Many professional financial advisors find DAC to be a sound component in clients’ portfolios and a supportive resource in formulating strategies to achieve their clients’ aims and aspirations.
We’re not in it for the short-term. For a company to be considered, it must have moved in a positive direction for at least a full decade. Rising dividends are an insight into overall health.
First and foremost, all of the companies that we consider investing in should be gaining value by moving in a positive (upwards) direction in terms of revenues and earnings thereby gaining value.
In addition to long-term positive growth, a company must also generate increasing dividends for its shareholders. And it must do this on a consistent basis for at least a decade.
A company must grow its dividend consistently for a decade to be considered for our investment portfolios. It must also continue to raise its dividends to remain in our portfolios.
The common stocks of the companies in which DAC invests grew their dividends at an average rate of 18.4% in 2011, and their 10-year average was 20.3%. Investment results are determined by time, not by amount invested.
Energy MLPs play a critical role in providing energy to the U.S. because they own the networks of storage facilities and pipelines used to transport that energy from the refineries to the consumer.
Investments for our MLP Portfolios are generally Midstream Energy MLPs, offering the potential for greater diversification in an overall investment strategy than in traditional stocks and bonds. In selecting MLPs, we assess the growth of the distributions, geographic footprint, credit quality, the fundamentals of the business, and the value a business places on security.
Investments for our Equity Portfolios are selected across many industries and sectors, favoring companies in a growing global economy. While the majority are large companies, we also offer diversification among small and midsize companies. Each portfolio is constructed to help meet your objectives, which may include greater income, tax consideration, and risk tolerance.

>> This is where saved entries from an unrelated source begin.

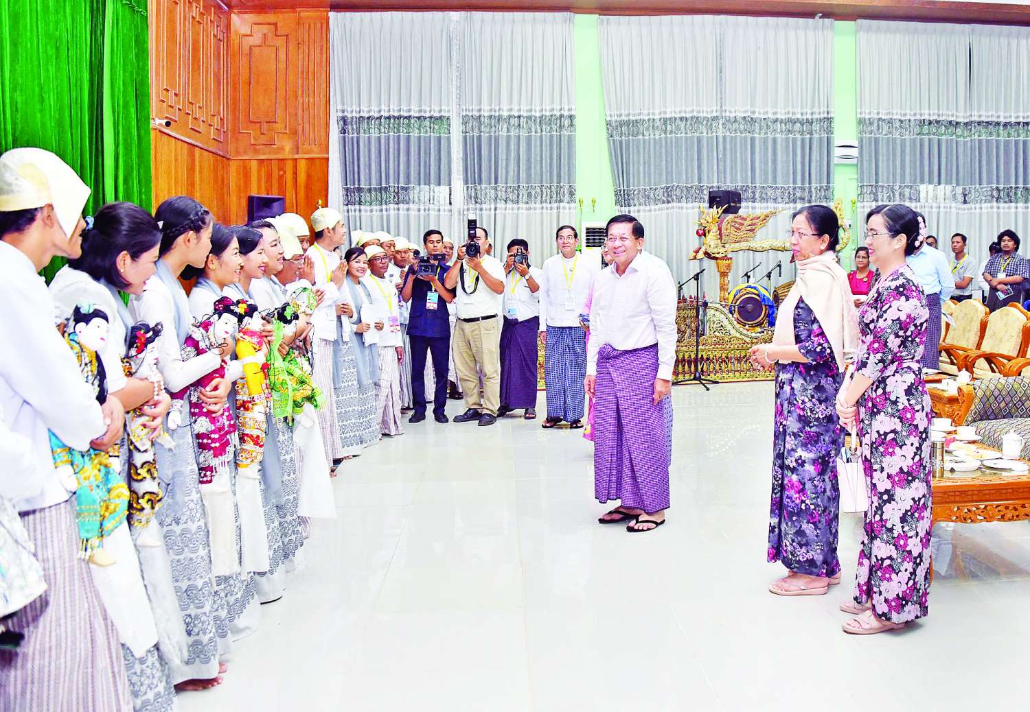နိုင်ငံတော်စီမံအုပ်ချုပ်ရေးကောင်စီဥက္ကဋ္ဌ နိုင်ငံတော်ဝန်ကြီးချုပ်နှင့်ဇနီးတို့သည် ရုပ်စုံသဘင်အဖွဲ့လိုက် အကဲဖြတ်ဒိုင်အဖွဲ့ဝင်များနှင့် ပြိုင်ပွဲဝင်များကို ရင်းရင်းနှီးနှီး လိုက်လံနှုတ်ဆက်ကြသည်။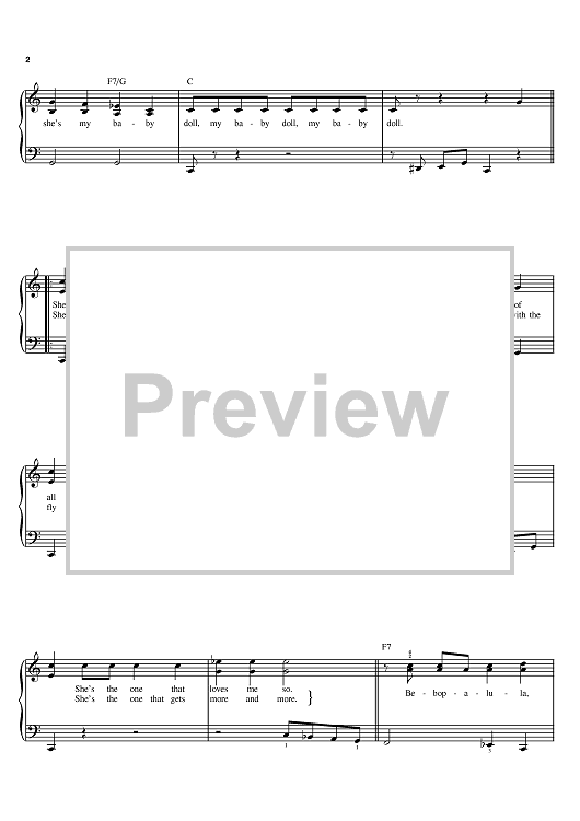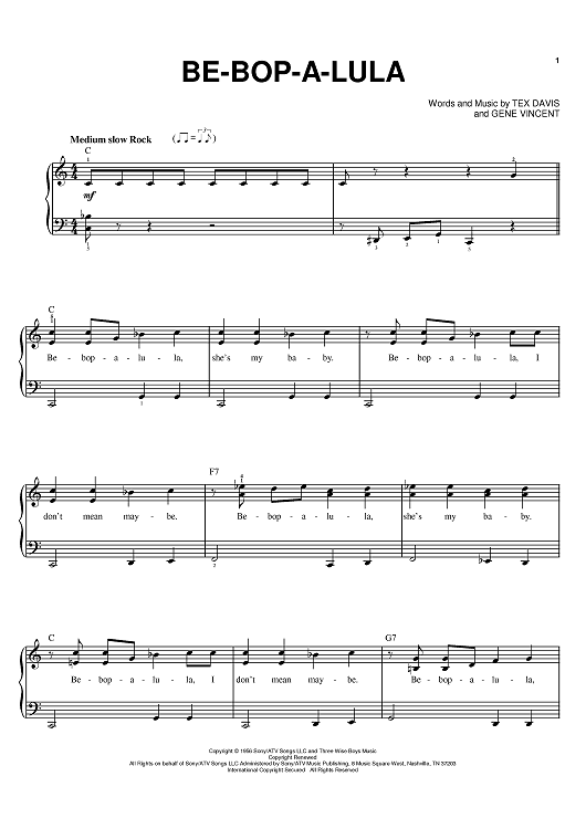 Digital Sheet Music for Be-Bop-A-Lula by Gene Vincent, Tex Davis scored for Easy Piano; id:369235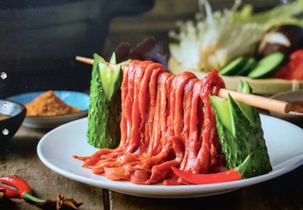 除了火鍋牛排外,鮮之味還推出了牛舌面,這款產(chǎn)品摒棄了常規(guī)片狀形態(tài),將高端牛肉以面條狀呈現(xiàn)給食客,在各大展會上非常吸引眼球,是該公司主力產(chǎn)品之一。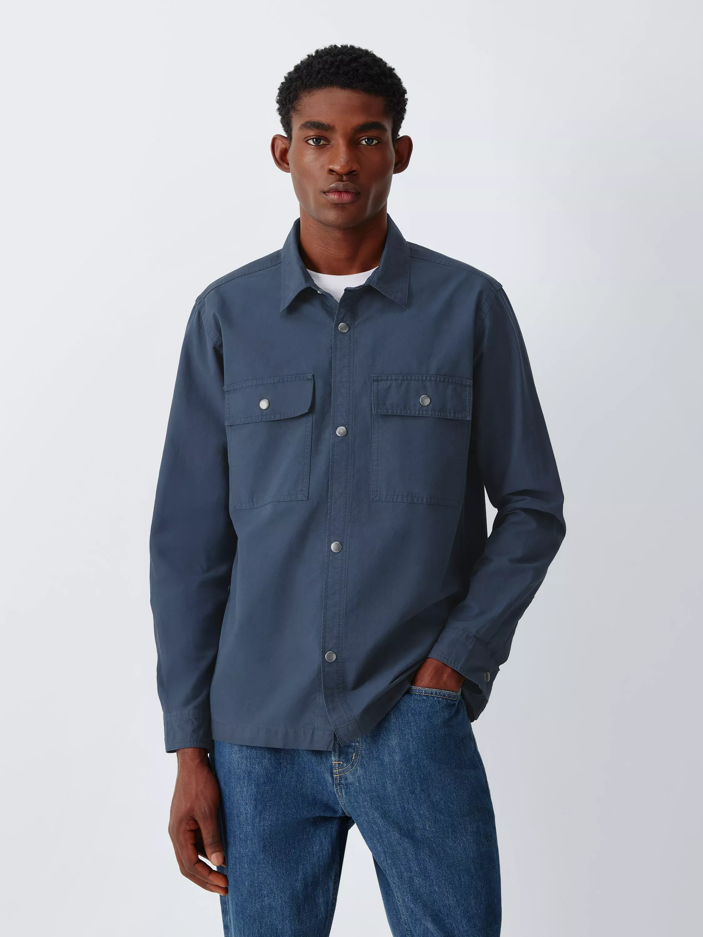 John LewisWashed Cotton Overshirt, Navy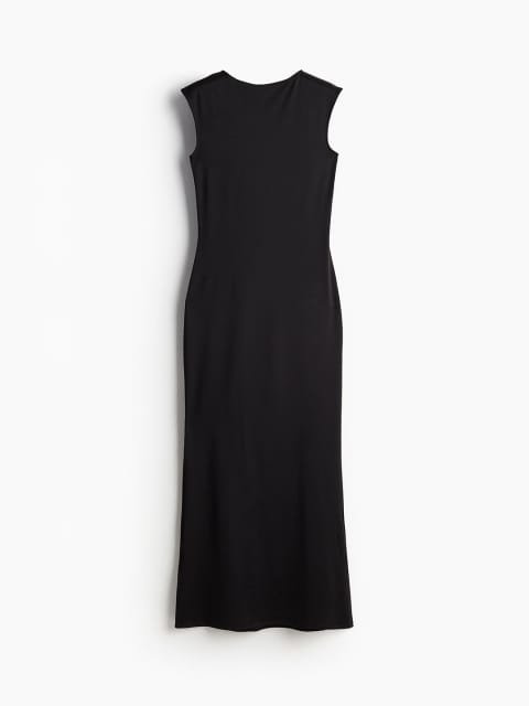 Long, fitted, sleeveless dress in stretch jersey with a round neckline, mermaid skirt and a straight-cut hem.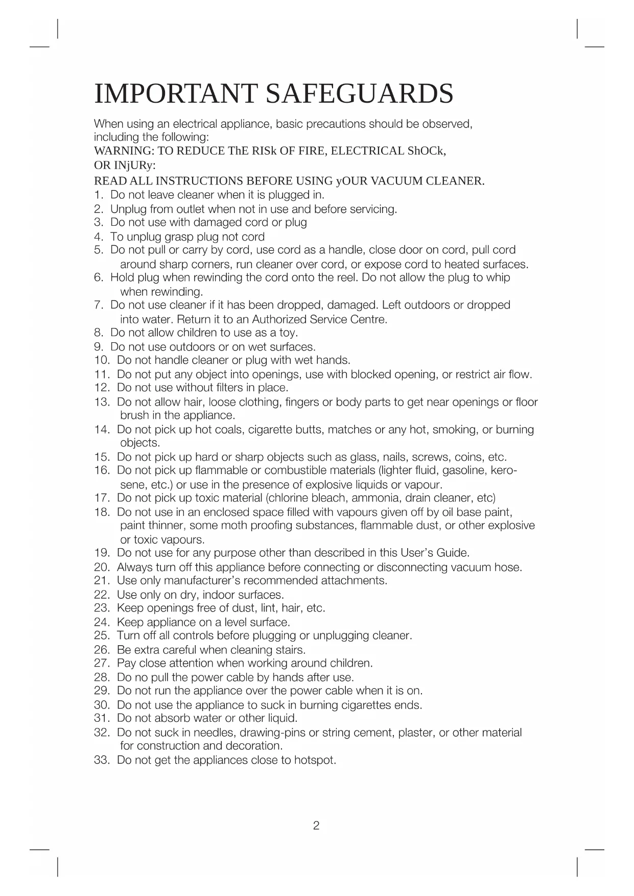 - Do not use cleaner if it has been dropped, damaged. Left outdoors or dropped into water. Return it to an Authorized Service Centre.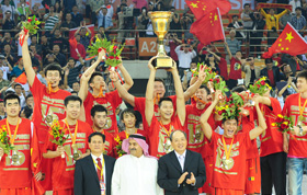 9月25日,中國隊球員在領獎臺上慶祝。當日,在武漢進行的第26屆男籃亞錦賽決賽中,中國隊以70比69戰勝約旦隊,奪得冠軍。新華社記者程敏攝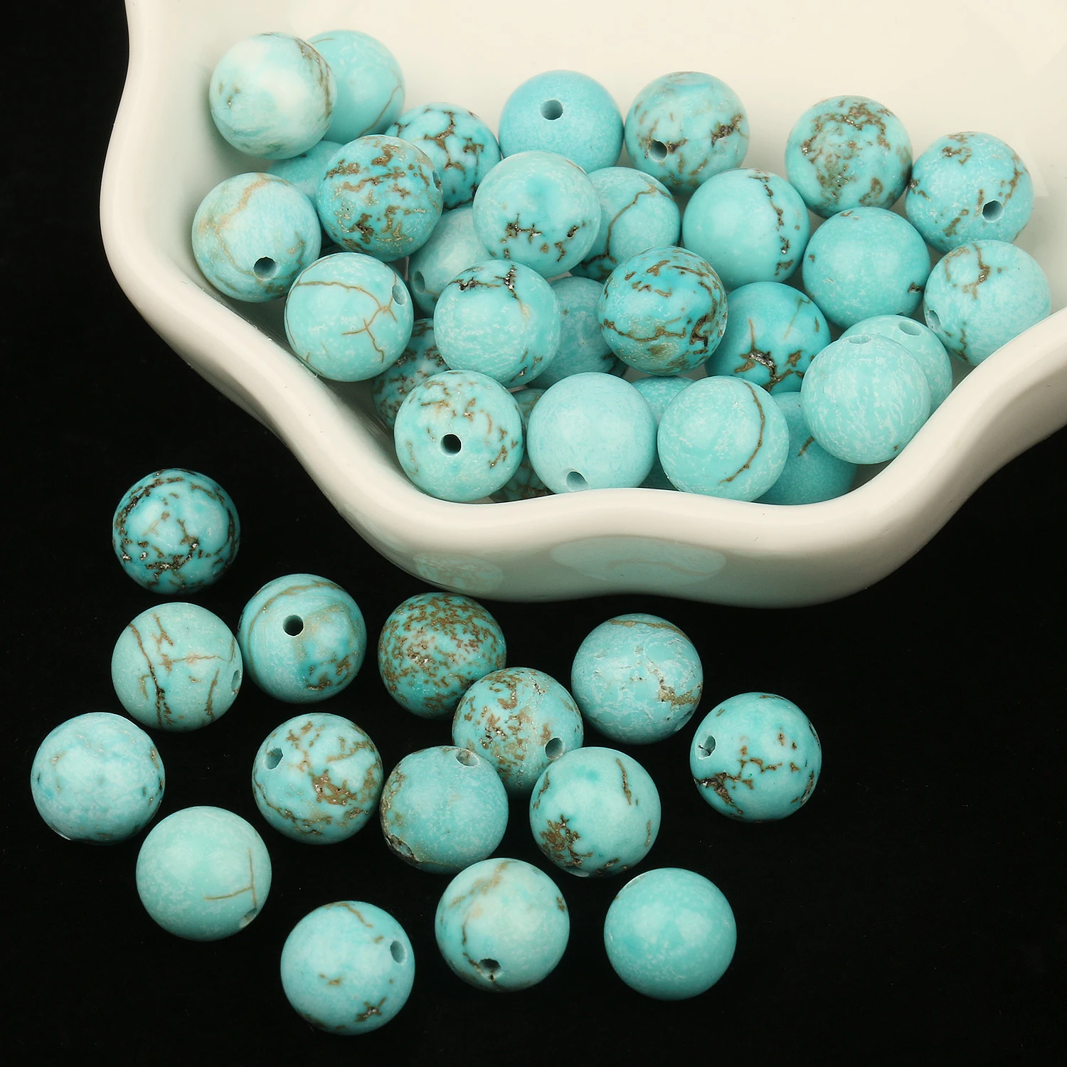 Натуральные бусины, гладкие бирюзы, синий Howlite, круглые бусины из камня, аксессуары для браслетов 15 дюймов, 4-12 мм

Investments for our Equity Income Portfolios are selected across many industries and sectors, including Master Limited Partnerships (MLPs) that offer investors the potential for higher income, distribution growth, and capital appreciation than traditional sources during environments with challenging yields. Each portfolio is constructed to help meet your objectives, which may include asset growth, greater income, tax considerations, and risk tolerance.
Dividend-paying stocks remain attractive with relatively low dividend tax rates, especially in today’s low interest environment. Through nearly every tax cycle, these stocks have generated stronger returns than the non-dividend payers in the S&P 500 Index.
“We believe that dividends are the best indicator of the future price performance of a stock. Dividends are paid when there are attractive earnings. When dividends are paid consistently and at an increasing rate over the long-term, this is likely to exert a positive movement of price performance.”
“A company must grow its dividend consistently for a decade to be considered for our investment portfolios and must continue to raise its dividend to remain in our investible universe.
Long-term performance. Increasing value. Income generation. That’s three-dimensional wealth management.”